Content starts

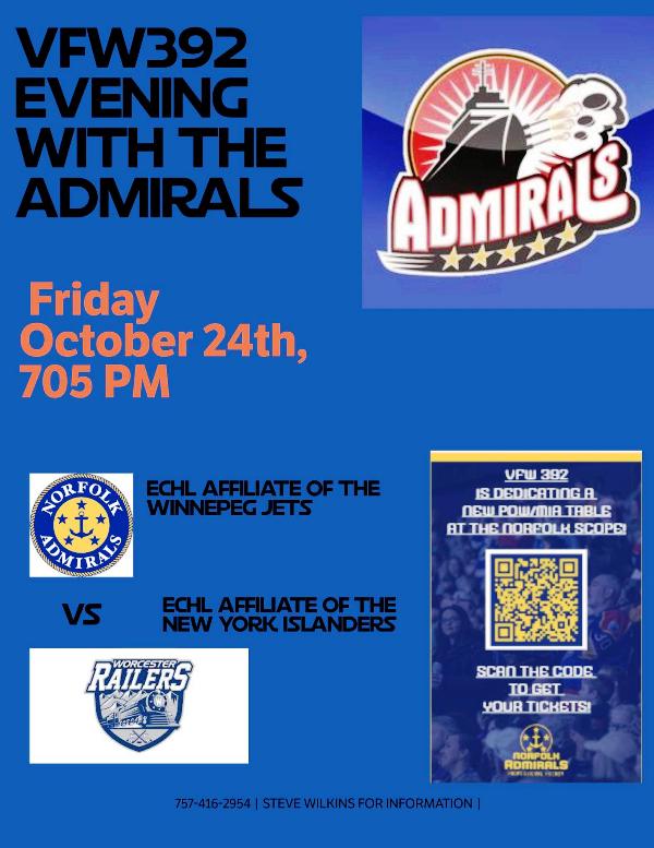 Senior Vice Commander Steve Wilkins has worked with the Norfolk Admirals to set up and dedicate a POW/MIA table at the Opening Night game on Friday, October 24th. We will dedicate the table before the game on the ice, allowing us to take pictures and other items. The table will then be moved to its permanent location in the scope. This has been a long time coming and a very big deal for not only the Admirals, but for our Vets and VFW 392, but for the VFW as a whole. The game is slated to be a sellout, so I was able to reserve 30 seats that are all together. If you scan the QR code on the flyer below, or click here, you can buy your tickets. They will be sent directly to your phone, allowing you to sit with the group. Ticket prices have increased somewhat this year, but $5 of every ticket we buy of those 30 will go back to our Post. it is going to be a great night for all, having something that we have dedicated to our military comrades, that will stand for a very long time. There will be a plaque that says that VFW 392 dedicated the table hung over the table as well. Commander Kevin Hebert, Sr Vice Commander Steve Wilkins, and other Post Officers will perform the ceremony to dedicate the table before the game. This is one event that you don't want to miss out on.
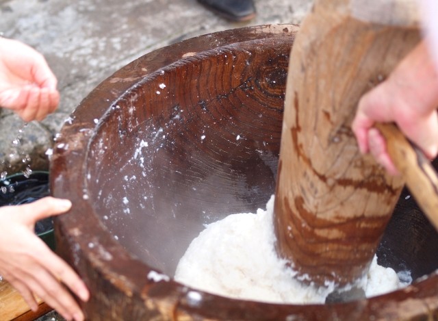臼と杵でついた出来立ての餅は格別の美味しさです。
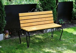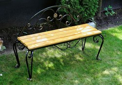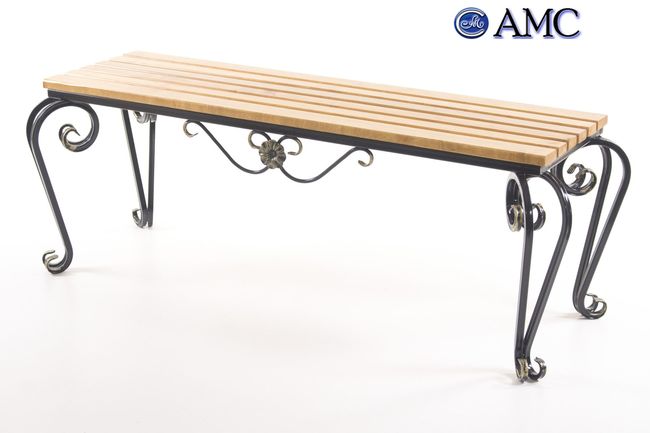 Садовая скамья выполнена без спинки. Прямоугольное деревянное сиденье рассчитано на посадку до 4 человека. Кованые ножки являются не только прочной и надежной опорой конструкции, но и декоративным элементом скамьи. Для защиты древесины от различных атмосферных воздействий используется специальный лак.
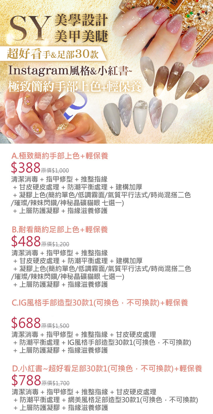 A.極致簡約手部上色+輕保養 / B.耐看簡約足部上色+輕保養 / C.IG風格手部造型30款1(可換色,不可換款)+輕保養 / D.小紅書~超好看足部30款1(可換色,不可換款)+輕保養

Content ends

> [Your assignment] Would you reproduce each line of the material exactly, omitting the images?

> [Expected output]
 Senior Vice Commander Steve Wilkins has worked with the Norfolk Admirals to set up and dedicate a POW/MIA table at the Opening Night game on Friday, October 24th. We will dedicate the table before the game on the ice, allowing us to take pictures and other items. The table will then be moved to its permanent location in the scope. This has been a long time coming and a very big deal for not only the Admirals, but for our Vets and VFW 392, but for the VFW as a whole. The game is slated to be a sellout, so I was able to reserve 30 seats that are all together. If you scan the QR code on the flyer below, or click here, you can buy your tickets. They will be sent directly to your phone, allowing you to sit with the group. Ticket prices have increased somewhat this year, but $5 of every ticket we buy of those 30 will go back to our Post. it is going to be a great night for all, having something that we have dedicated to our military comrades, that will stand for a very long time. There will be a plaque that says that VFW 392 dedicated the table hung over the table as well. Commander Kevin Hebert, Sr Vice Commander Steve Wilkins, and other Post Officers will perform the ceremony to dedicate the table before the game. This is one event that you don't want to miss out on.
臼と杵でついた出来立ての餅は格別の美味しさです。
 Садовая скамья выполнена без спинки. Прямоугольное деревянное сиденье рассчитано на посадку до 4 человека. Кованые ножки являются не только прочной и надежной опорой конструкции, но и декоративным элементом скамьи. Для защиты древесины от различных атмосферных воздействий используется специальный лак.
 A.極致簡約手部上色+輕保養 / B.耐看簡約足部上色+輕保養 / C.IG風格手部造型30款1(可換色,不可換款)+輕保養 / D.小紅書~超好看足部30款1(可換色,不可換款)+輕保養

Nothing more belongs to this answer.